Allan Buchanan
- Full name: Allan McMillan Buchanan
- Born: 21 May 1904
- Died: 24 November 1956 (aged 52) Barnet, England
- School: Portora Royal School
- University: Trinity College Dublin

Rugby union career
- Position(s): Prop

International career
- Years: Team / Apps / (Points)
- 1926–27: Ireland / 6 / (0)

= Allan Buchanan (rugby union) =

Rugby union player from Northern Ireland

Allan McMillan Buchanan (21 May 1904 — 24 November 1956) was an Irish international rugby union player.

Raised in Ulster, Buchanan attended Portora Royal School, where he was involved in several sports. He set a long-standing school record for the one mile race during his time there. An Ulster Schools rugby representative, Buchanan continued with rugby at Trinity College and captained Dublin University to the 1927–28 Leinster Senior Cup title.

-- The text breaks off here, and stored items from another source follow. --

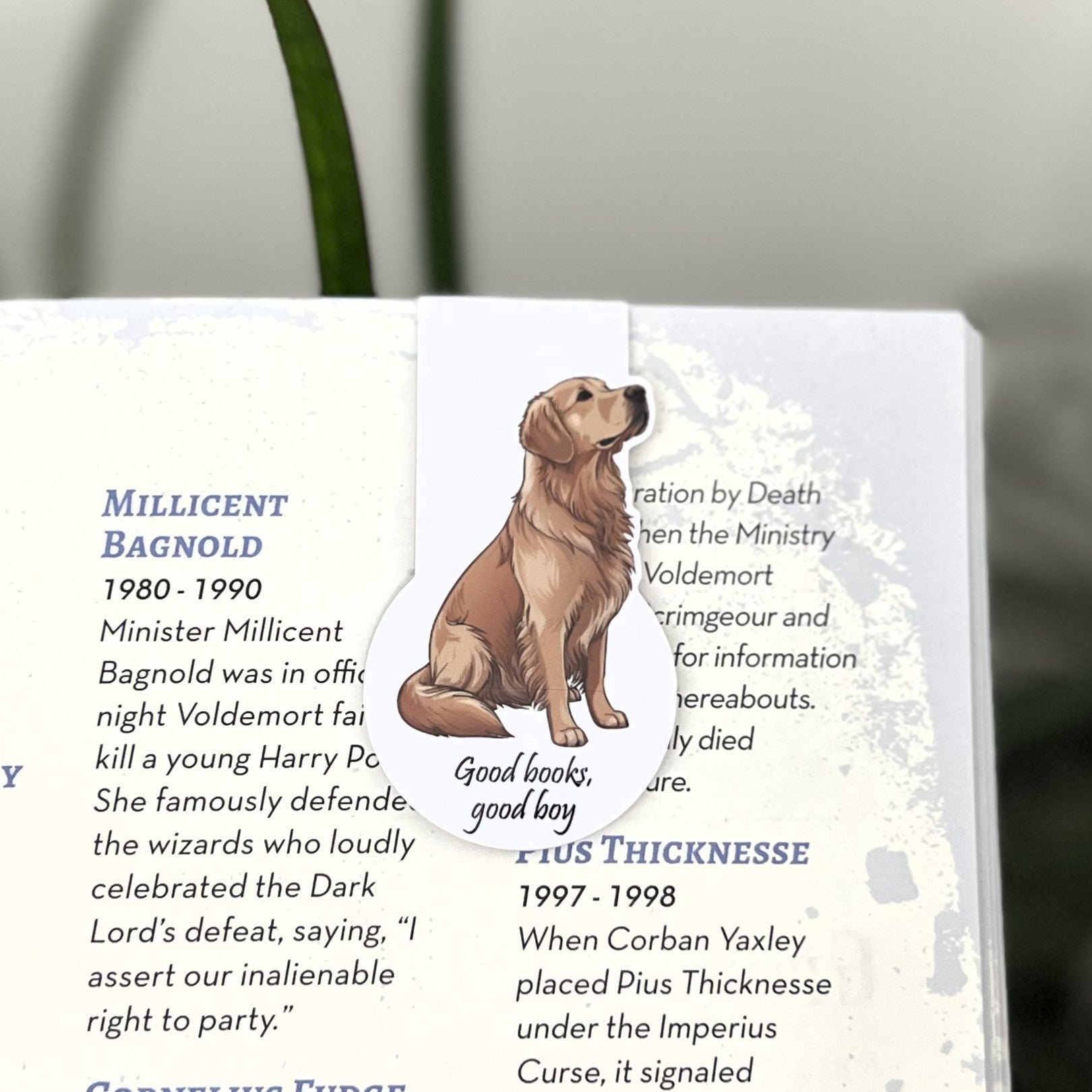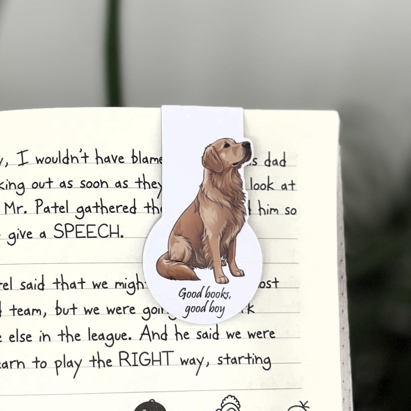 Keep your place in style with this charming magnetic bookmark featuring an adorable dog and the phrase "good books, good boy." Perfect for dog lovers and avid readers alike, it securely clips onto pages without damaging them. Enjoy a blend of practicality and personality every time you open your favorite book.
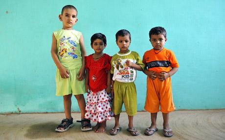 这位叫卡伦·辛格的小巨人母亲辛格女士是亚洲最高女子,身高218厘米,父亲辛格先生则有200厘米。作为两大巨人的孩子,卡伦生下来就重12斤,高71厘米,几乎是普通婴儿的两倍。现在两岁半的他个头已蹿到135厘米,只能穿为10岁小孩子设计的衣服。他特别容易饥饿,每顿要吃5个苹果,喝10大勺蜂蜜。辛格女士说:“当他清晨醒来时,第一件事就是要吃饭喝水。任何时候看别人吃东西,他也要吃。如果我不强行制止,他就会一刻不停地吃”。所以一家人每月光买吃的就要花去124英镑,比其它邻居多三倍。当他上幼儿园时,老师刚开始坚持不收他,认为他应该直接上小学。
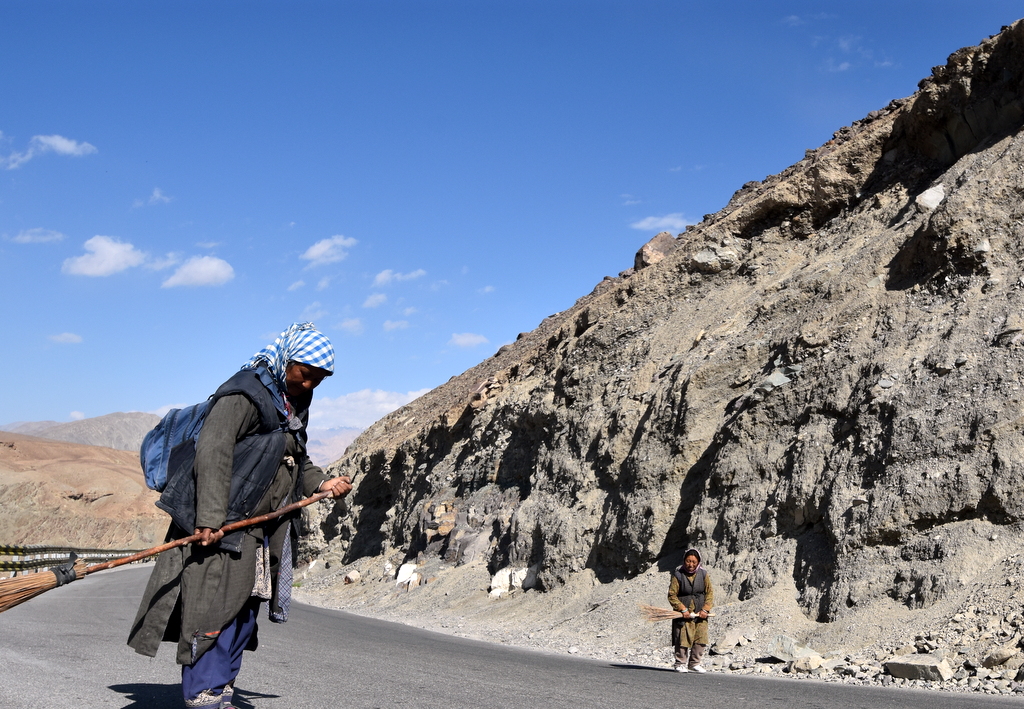 A Brokpa working in one of the only farms still functional
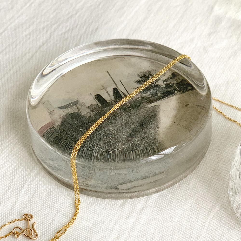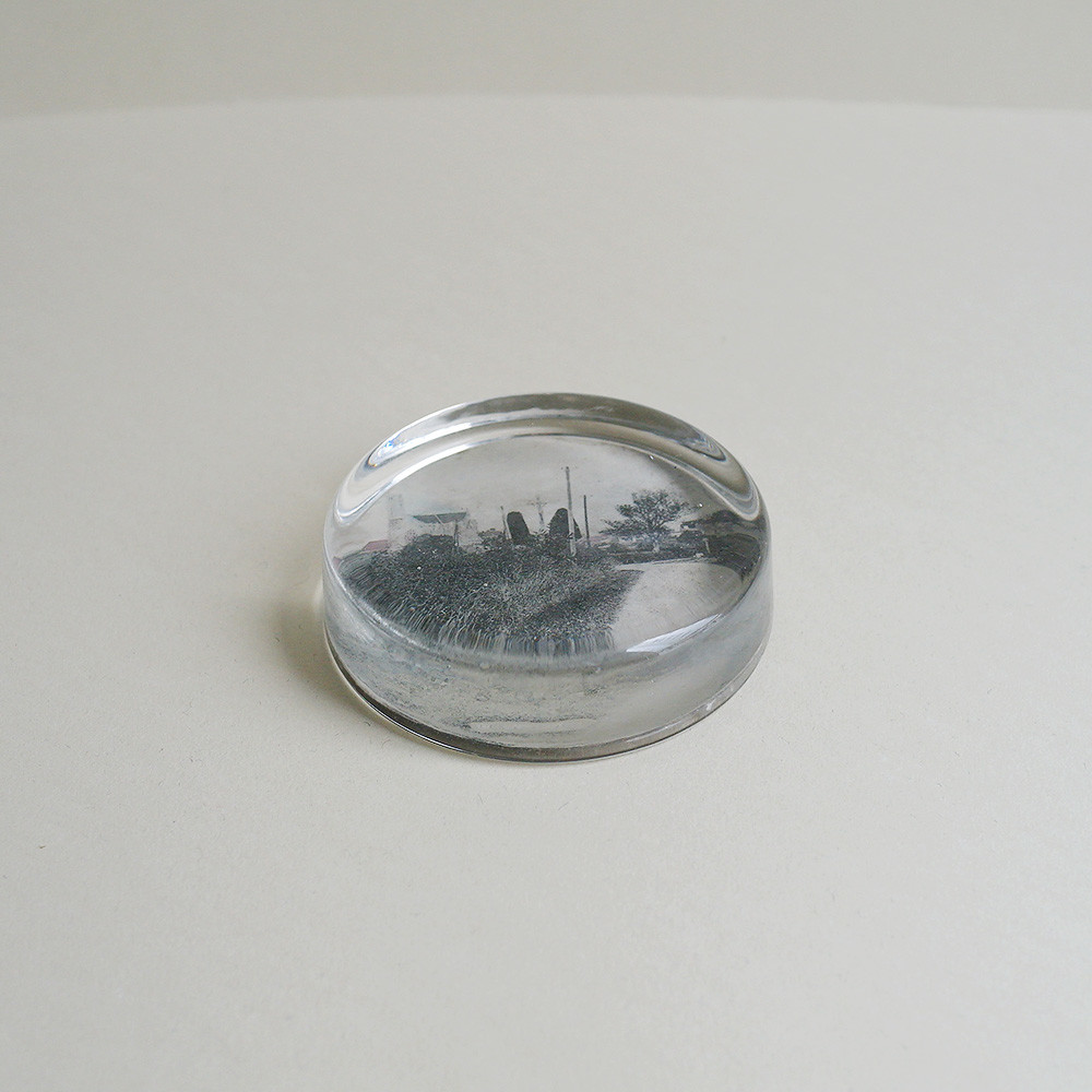 소개시켜드리는 문진처럼 흑백사진을 붙여 종이로 마무리 되는 납작한 모양의 유리 문진도 있습니다.
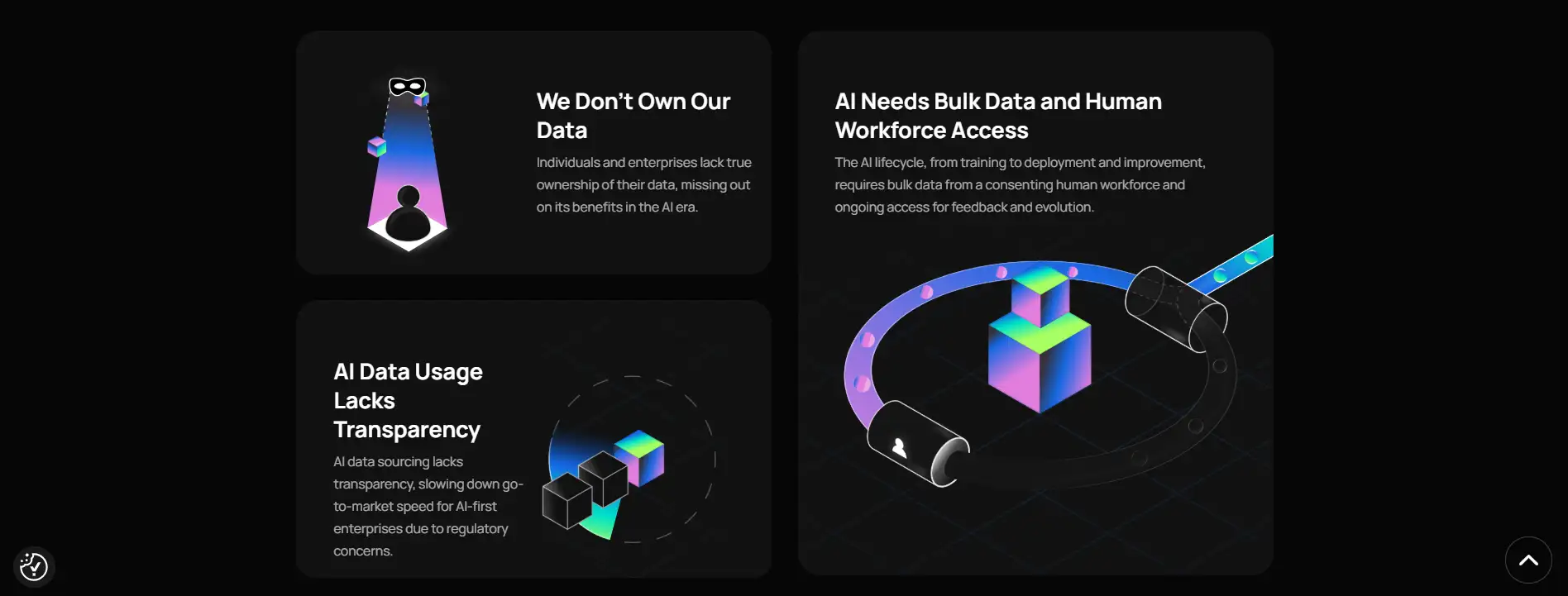 - Data Coalition DAOs: Users can launch and govern decentralized data communities that collect and broker bulk datasets for AI and Web3 companies.

Buchanan, a front row forward, was capped six times for Ireland across the 1926 and 1927 Five Nations Championships, which they jointly won with Scotland both years, as well as a match against a touring Australian side.

A bursar at The Leys School in Cambridge, Buchanan was killed in a car accident in 1956 while on his way home from watching a rugby match at Twickenham. He was 52 years of age.